** Opening PROVIDED RECORDS block **
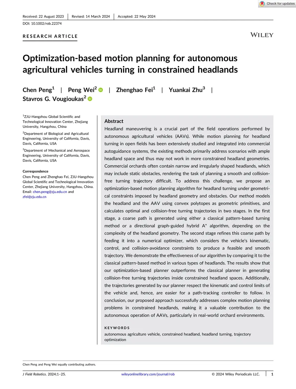 Optimization-Based Motion Planning for Autonomous Agricultural Vehicles
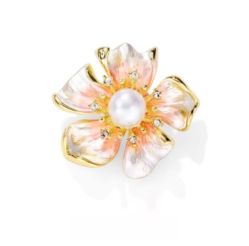 Broş, yüksek kaliteli malzemeler kullanılarak el işçiliği ile üretilmiştir. Zirkon taşları, broşun merkezinde yer alarak mükemmel bir parlaklık ve ışıltı kazandırırken, inci detayı ise ona zarif bir dokunuş ekliyor. Mineli çiçek tasarımı, pastel tonlardaki renkleriyle birlikte hayat buluyor, bu da bu parçayı özellikle bahar ve yaz aylarının vazgeçilmezi kılıyor.
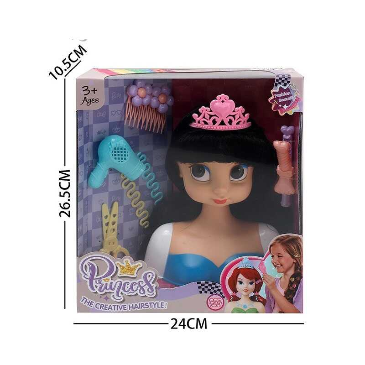 Манекен для зачісок LK 1713 C (48/2) аксесуари, корона, фен, ножиці, шпильки, в коробці
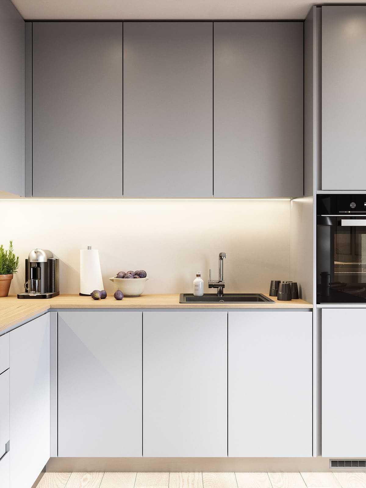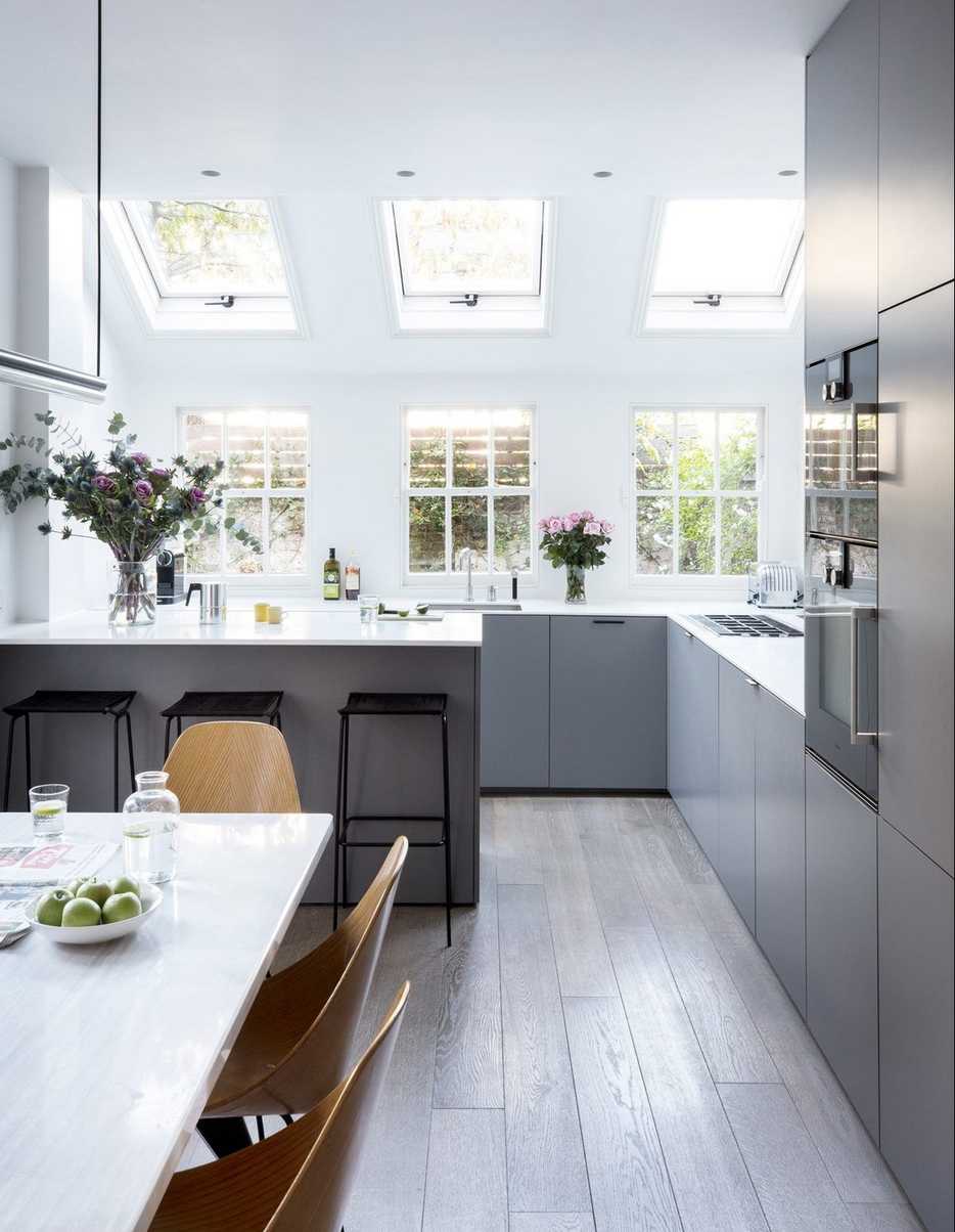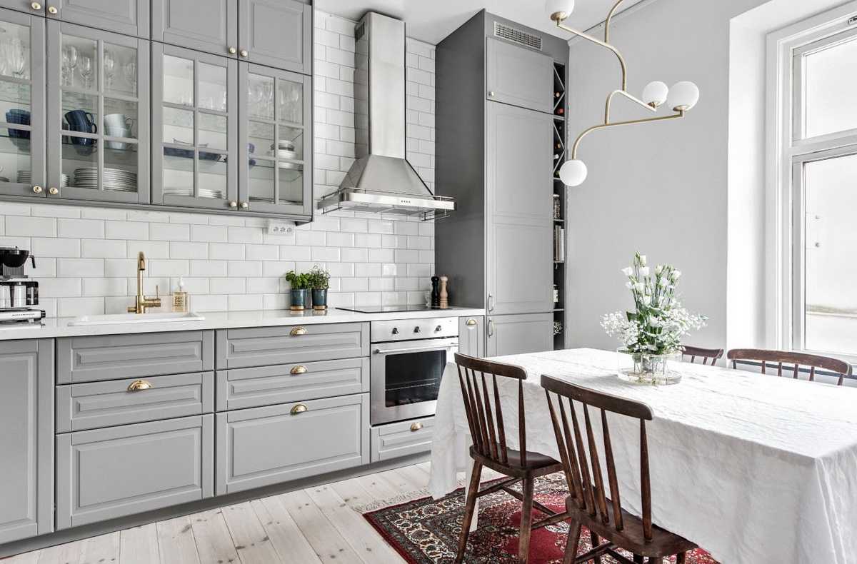 Светло-серый – идеальный цвет стен кухни и гарнитура.
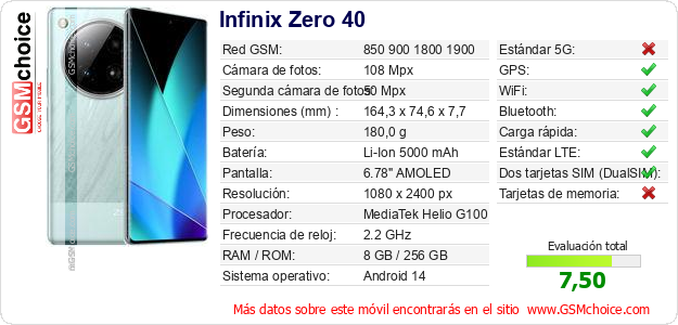 Datos del móvil Infinix Zero 40 en tu página
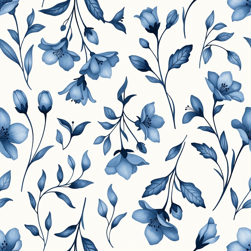 artistic flowers, blue blossoms, blue petals, botanical illustration, clipart, decorative flowers, digital art, elegant pattern, floral design, floral pattern, floral seamless, flower art, flower bouquet, flower buds, flower clusters, green leaves, illustration, leaf veins, leaves, nature illustration, navy flowers, pattern background, repeating pattern, seamless pattern, stems, vector flowers, watercolor flowers, white background, blue flowers
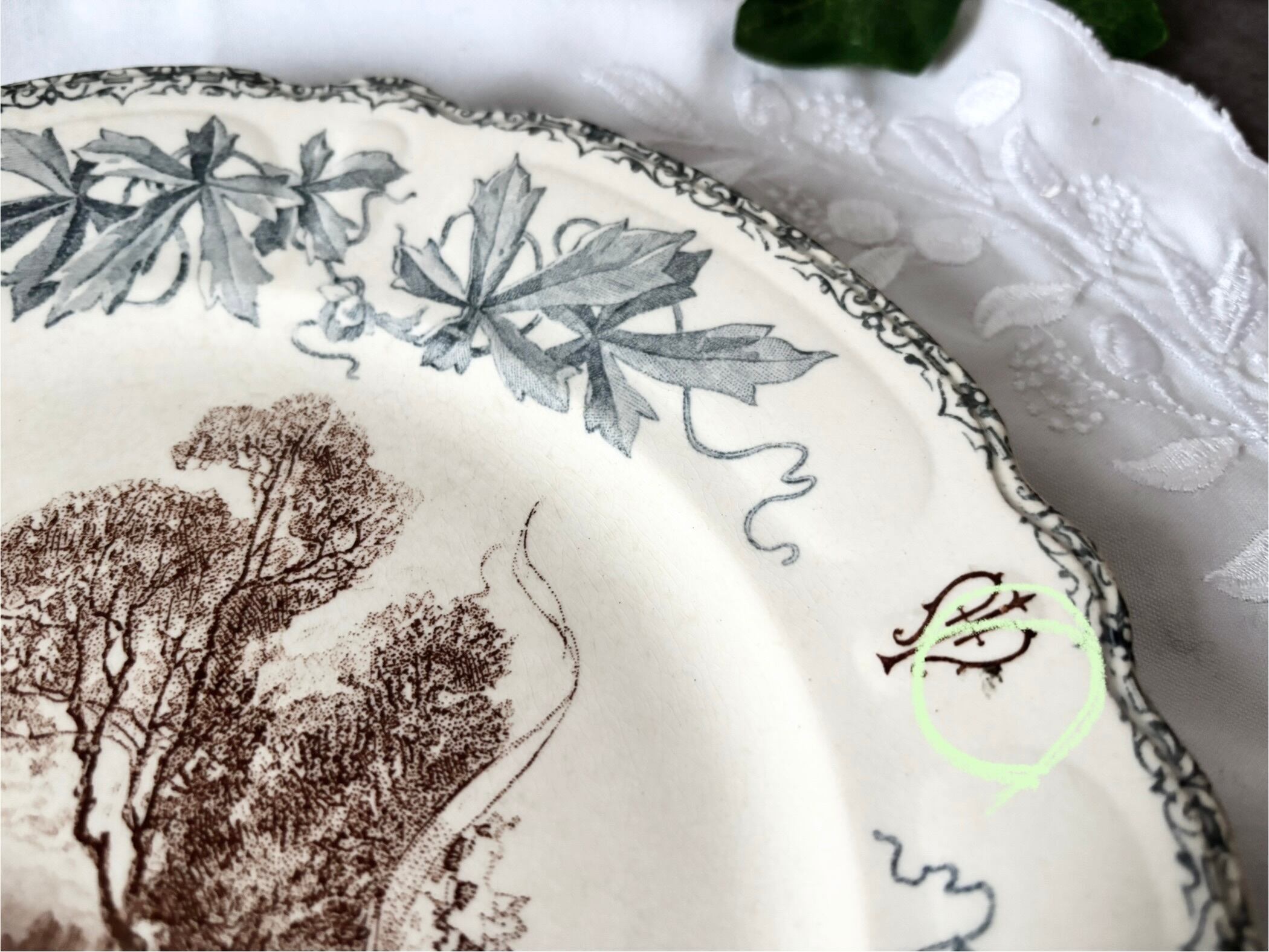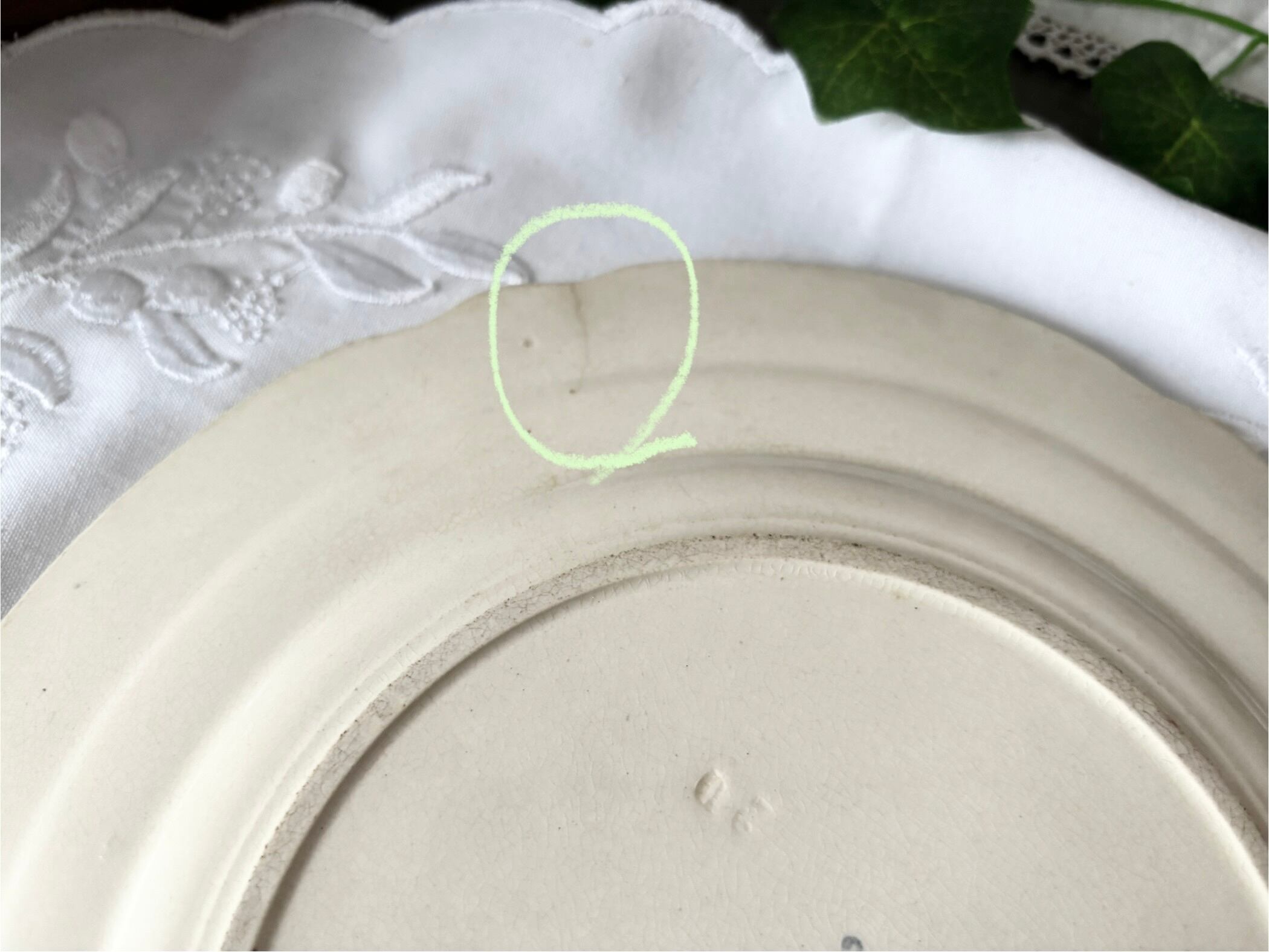 アイテムのコンディションとして、お皿全体にクレイジングが美しく広がり、経年劣化の色褪せと、まだら状の薄いシミが広がっています。カトラリー跡と、縁のエンブレムの一つに小さな黒っぽい傷がございます。横から見ると、変色を伴った小傷がいくつかリムにございます。裏のリムに一箇所ヒビがあり、これは表面のリムの彫刻まで貫通しています。裏側のエッジに、灰色や薄茶の変色が見られ、わずかなシミもございます。絵柄と刻印に掠れ、途切れ、もございますが、艶やかで、アンティーク感たっぷりの良い状態のお品物です。
** Closing PROVIDED RECORDS block **
= WORK REQUIRED =
Starting at the line above with "Манекен для зачісок", output every line exactly up to and including the line with "Datos del móvil Infinix Zero 40 en tu página", but none of the pictures.

= SOLUTION FOR THIS TASK =
 Манекен для зачісок LK 1713 C (48/2) аксесуари, корона, фен, ножиці, шпильки, в коробці
 Светло-серый – идеальный цвет стен кухни и гарнитура.
 Datos del móvil Infinix Zero 40 en tu página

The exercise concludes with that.